====== INPUT FOR THIS TASK

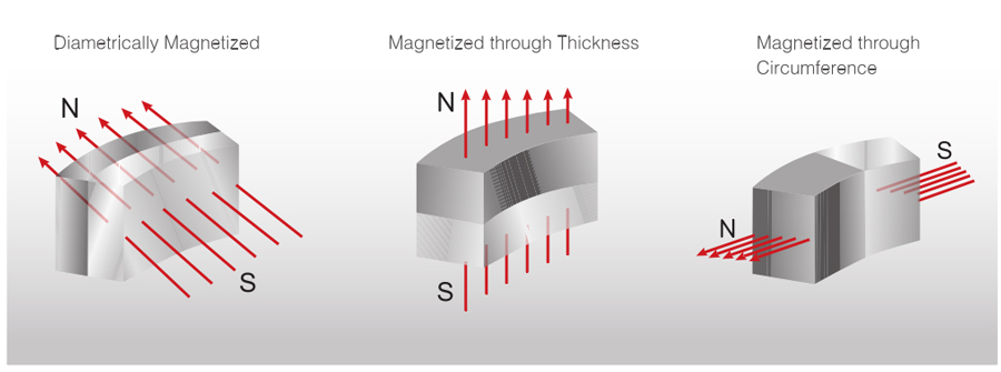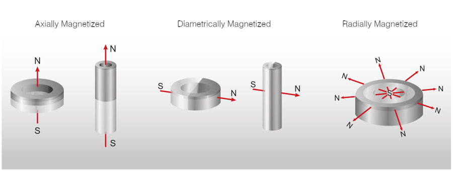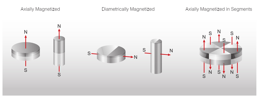 Magnets can be delivered magnetized and un-magnetized. Some production methods require the magnets being incorporated into assemblies in a un-magnetized state and magnetized later once the assembly is completed. There are various magnetic orientations available for different shapes of magnets.
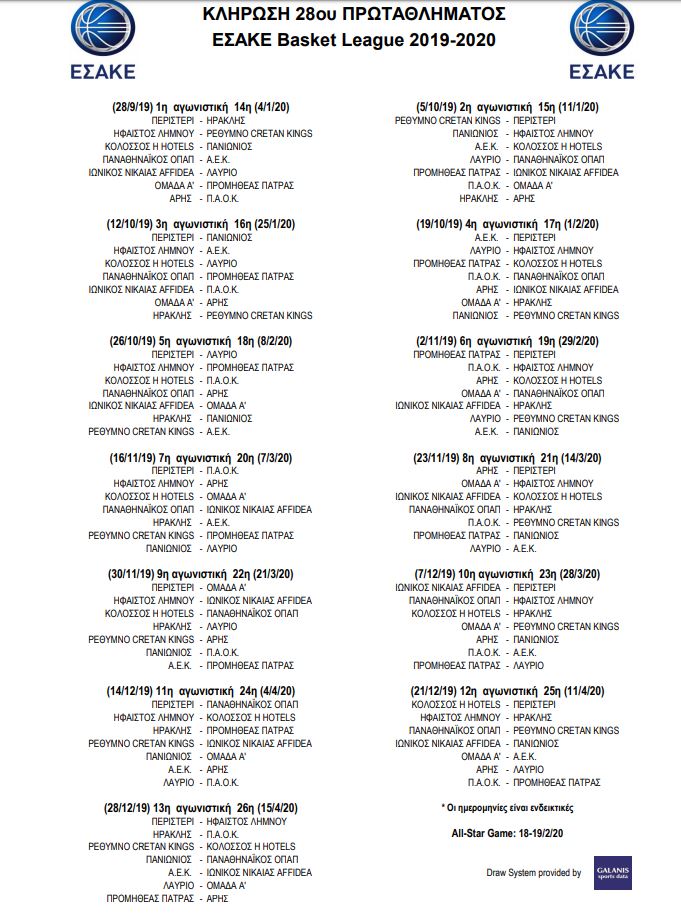 Όλο το πρόγραμμα του πρωταθλήματος της Basket League
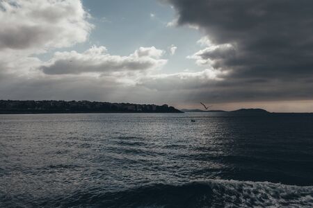 A seagull on a dark cloudy sky in the rays of the setting sun over the sea with a boat on the background of mountains and sideways with buildings of Istanbul, Turkey. Beautiful evening night seascape
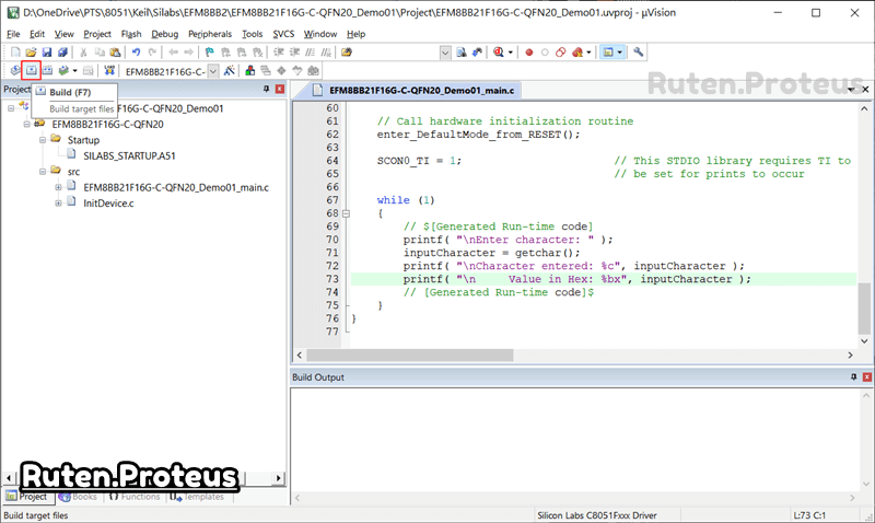 本篇的 Keil 專案檔建立,採用來自 [2.1.2] 網頁的 EFM8BB21F16G-C-QFN2-_Demo01 專案。因為只需要做專案的設置,而不需要做任何程式方面的變更,所以請依照本篇網頁裡面步驟自行建置。
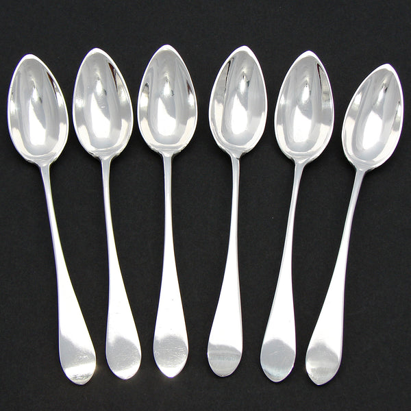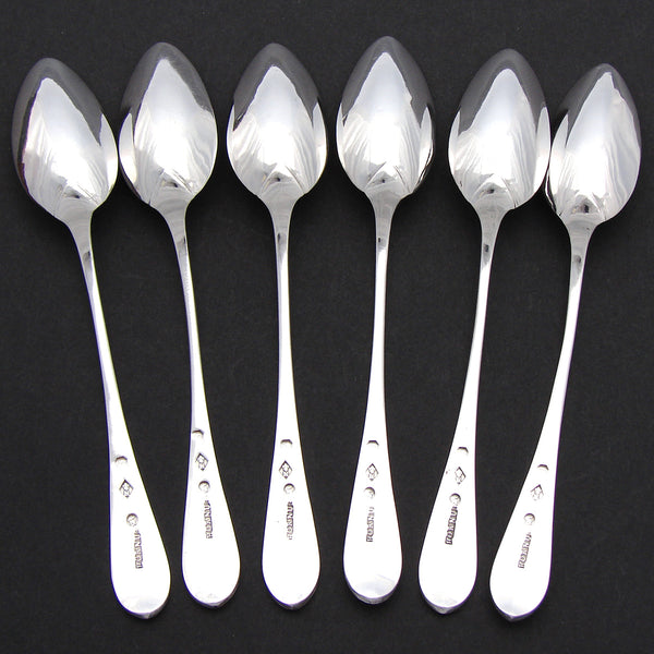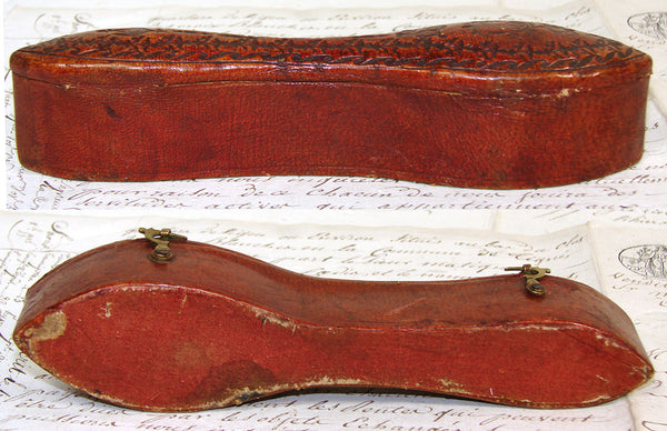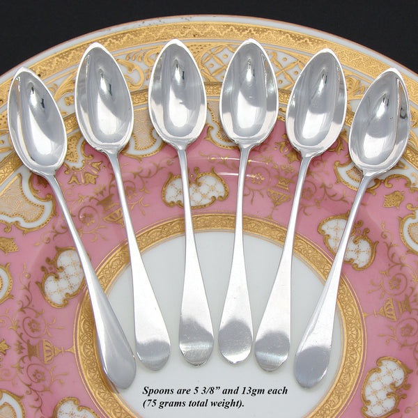 Elegant antique French sterling silver 6pc teaspoon set with sleek, nearly mirrored pattern and uniquely shaped embossed or tooled brown leather travel style box, case or etui! This type of antique French sterling silver travel set is far more than just a collection of teaspoons; it is a meticulously crafted artifact that tells a story of social status, personal hygiene, and the emerging culture of leisure in 19th-century France. The spoons with the older pointed tip bowls, all with a sleek, simple but elegant shaping sans monograms. All bear the French Coq hallmark dating them between 1789-1809 and the tiny number "1" (somewhat obscured) within those marks means they're in .950 silver (95% pure and so just above the .925 standard for "sterling" silver. I haven't found reference for the silversmith marks "Hornus" but will add that information if/when I find it.
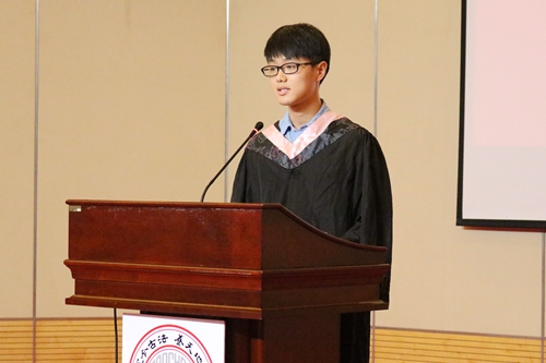 接下来的优秀毕业生代表杨珂的发言,勾起了在场毕业生的无限回忆。杨珂同学在发言中提到了令人倍感亲切的共同记忆,这些记忆俨然成为了文院学子心目中的“苏大符号”:勤劳可敬的食堂阿姨与大叔、任劳任怨的保洁阿姨、家族规模不断扩大的苏大猫、考试前怎么也复习不完的期末提纲……在同学们的掌声中,杨珂同学结束了他的发言。
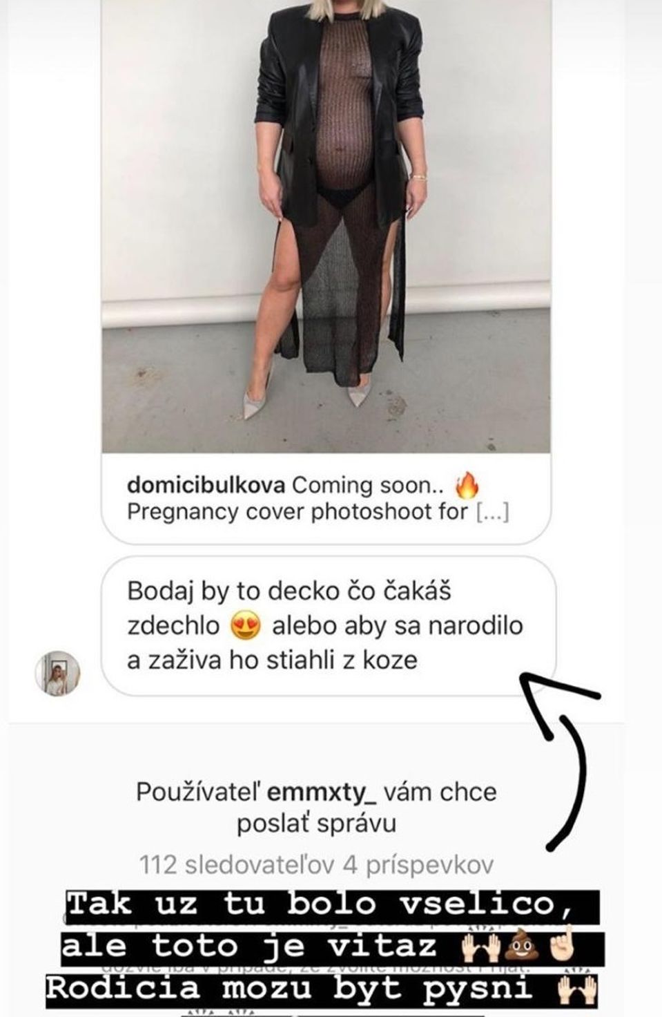 Jednu zo správ, ktorú dostala po zverejnení sexy fotky, by však predýchal už len naozaj málokto. "Fanúšička" totiž priala smrť jej bábätku. Dominika nechutnú správu zdieľala na Instagrame. Veríme, že sa jej na to ozvalo množstvo dobrých ľudí, ktorí jej vyjadrili podporu.
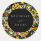 Bright Black Floral Watercolor Wedding Classic Round Sticker

============

WORK TASK: Output exactly the lines above, from the line with "A seagull on" to the line with "Elegant antique French", both included; skip the pictures.

SOLUTION TO THIS TASK:
 A seagull on a dark cloudy sky in the rays of the setting sun over the sea with a boat on the background of mountains and sideways with buildings of Istanbul, Turkey. Beautiful evening night seascape
 本篇的 Keil 專案檔建立,採用來自 [2.1.2] 網頁的 EFM8BB21F16G-C-QFN2-_Demo01 專案。因為只需要做專案的設置,而不需要做任何程式方面的變更,所以請依照本篇網頁裡面步驟自行建置。
 Elegant antique French sterling silver 6pc teaspoon set with sleek, nearly mirrored pattern and uniquely shaped embossed or tooled brown leather travel style box, case or etui! This type of antique French sterling silver travel set is far more than just a collection of teaspoons; it is a meticulously crafted artifact that tells a story of social status, personal hygiene, and the emerging culture of leisure in 19th-century France. The spoons with the older pointed tip bowls, all with a sleek, simple but elegant shaping sans monograms. All bear the French Coq hallmark dating them between 1789-1809 and the tiny number "1" (somewhat obscured) within those marks means they're in .950 silver (95% pure and so just above the .925 standard for "sterling" silver. I haven't found reference for the silversmith marks "Hornus" but will add that information if/when I find it.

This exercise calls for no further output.